De heer Omtzigt heeft gevraagd om een verduidelijking over de gevolgen van de aftopping voor het partnerpensioen. Voor de diensttijd vóór 1 januari 2015 kan onderscheid gemaakt worden tussen partnerpensioen op opbouwbasis en partnerpensioen dat op risicobasis is verzekerd. Voor partnerpensioen op opbouwbasis geldt dat de aftopping geen invloed heeft op hetgeen tot 1 januari 2015 wordt opgebouwd. Deze aanspraken blijven dus behouden. Voor partnerpensioen op risicobasis is sprake van een repeterende toezegging van de werkgever. Hierdoor zou de aftopping ook doorwerken op het partnerpensioen dat wordt toegezegd over de periode vóór 1 januari 2015. Mijn voorganger heeft echter toegestaan dat partnerpensioen op risicobasis op gelijke wijze behandeld wordt als partnerpensioen op opbouwbasis. De aftoppingsgrens hoeft dus ook geen gevolgen te hebben voor het partnerpensioen dat op risicobasis is verzekerd voor de diensttijd voor 1 januari 2015.

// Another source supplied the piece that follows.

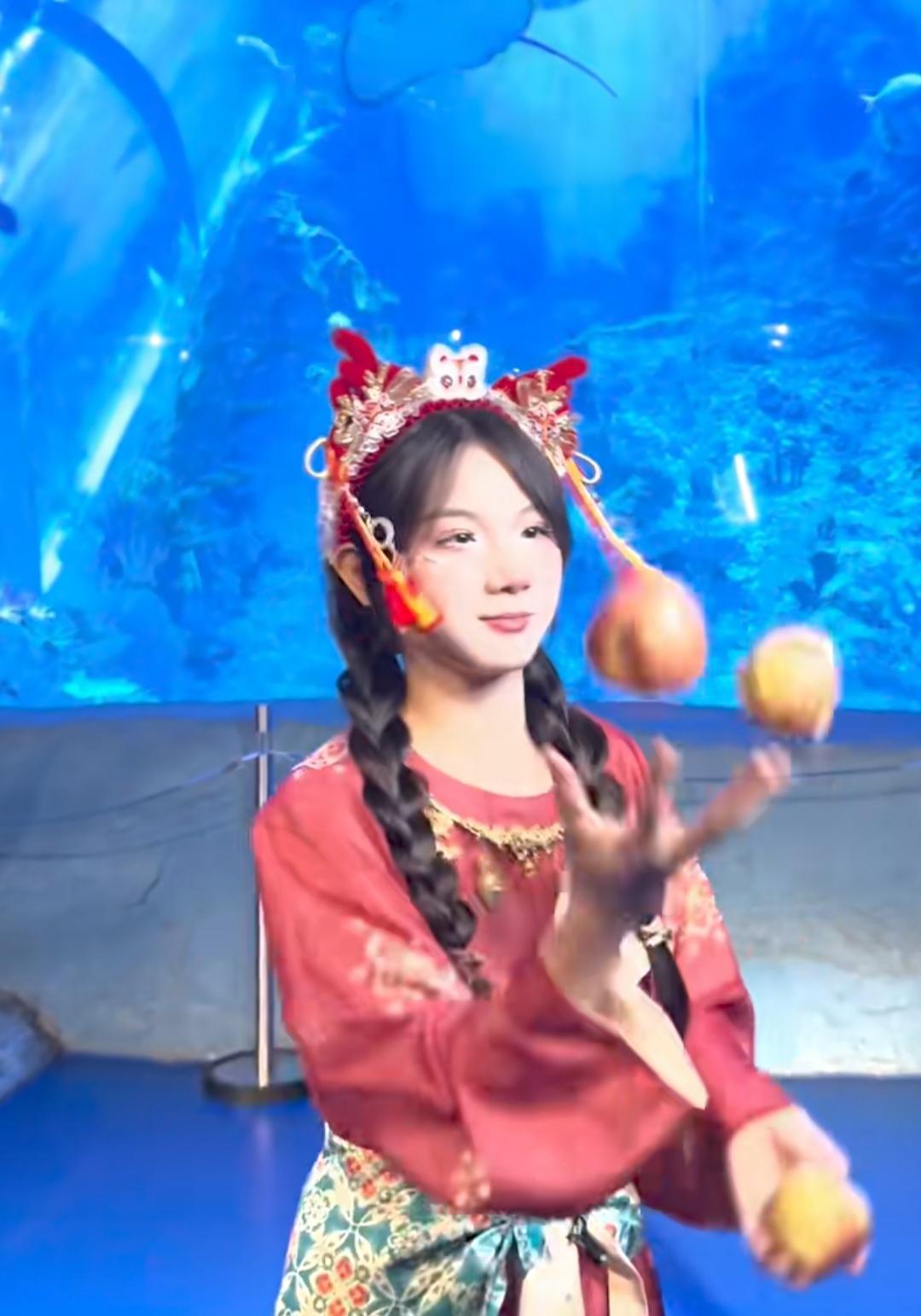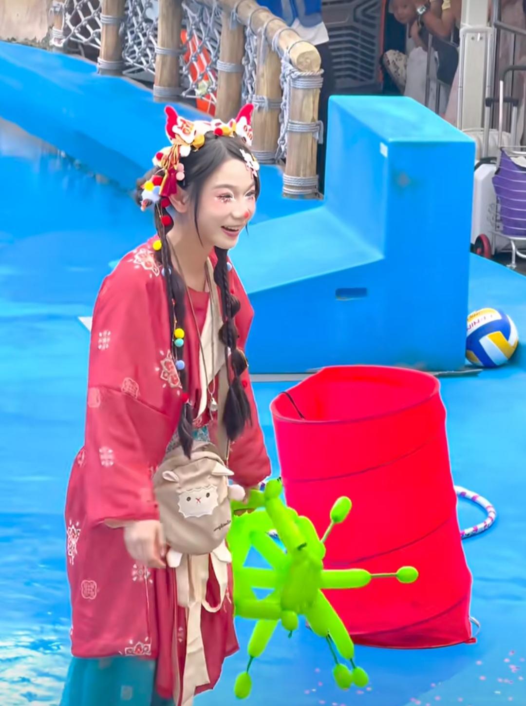 小丑冰冰看起来很解压,不知道为什么,一个女孩子,居然可以那么可爱! 呆萌的样子,让她颇有观众缘,所以与游客们互动一点障碍都没有。 不过当初练习杂耍苹果的时候,没少遭罪,还好她挺下来了。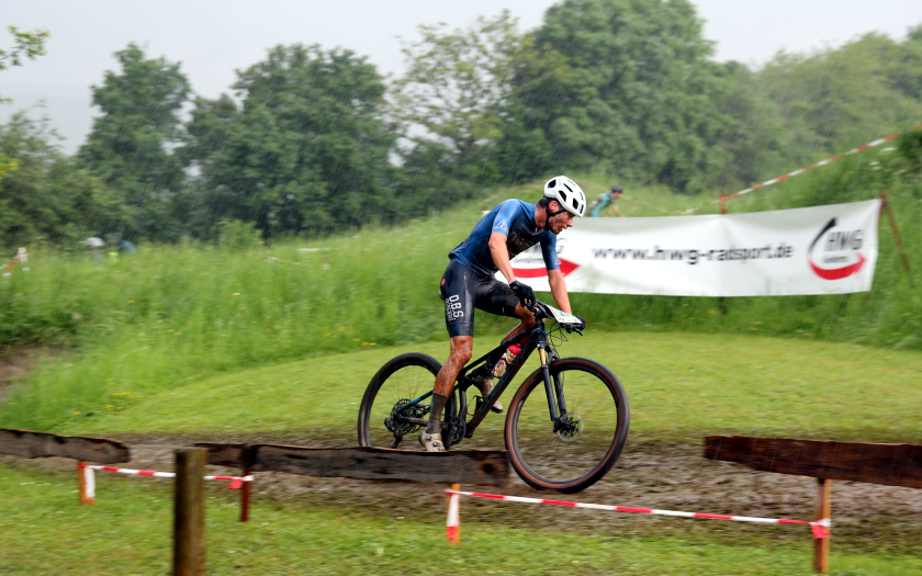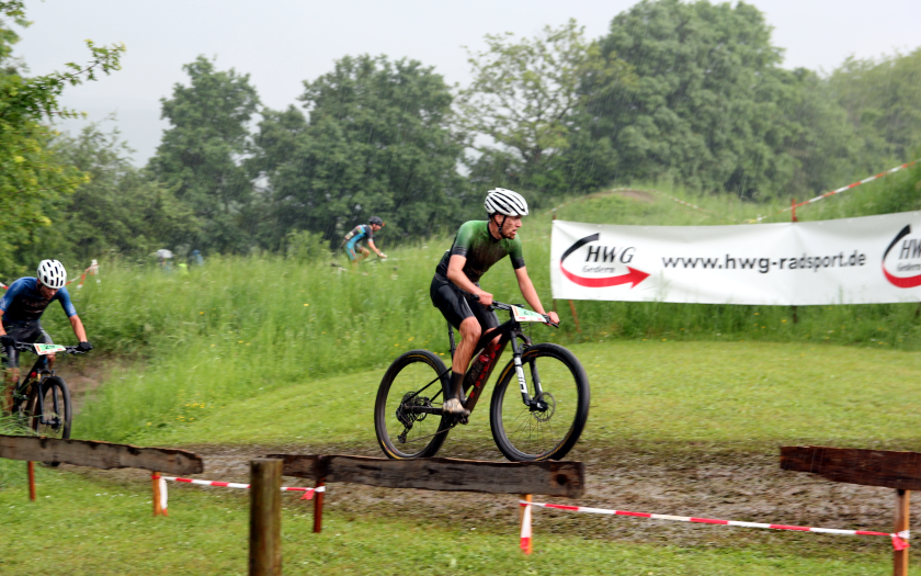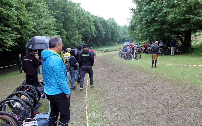 Zum Rennen der Männer waren die Wetter-Bedingungen dann alles andere als glänzend. Zu Beginn des Herrenrennens öffnete der Himmel ein weiteres Mal an diesem Tag die Schleusen und sorgte für ein extremes Regenspektakel in Gedern, weshalb das laufende Rennen um eine Runde verkürzt wurde.

Voor de diensttijd vanaf 1 januari 2015 staat voor het inkomensniveau boven de aftoppingsgrens de nettolijfrente open. Binnen de nettolijfrente is het ook mogelijk om een nabestaandenvoorziening te treffen. Voor de vormgeving van de nettolijfrente voor nabestaanden wordt in de novelle aangesloten bij de bepalingen in artikelen 3.125 (voor lijfrenteverzekeringen) en 3.126a van de Wet IB 2001 (voor bankspaarproducten).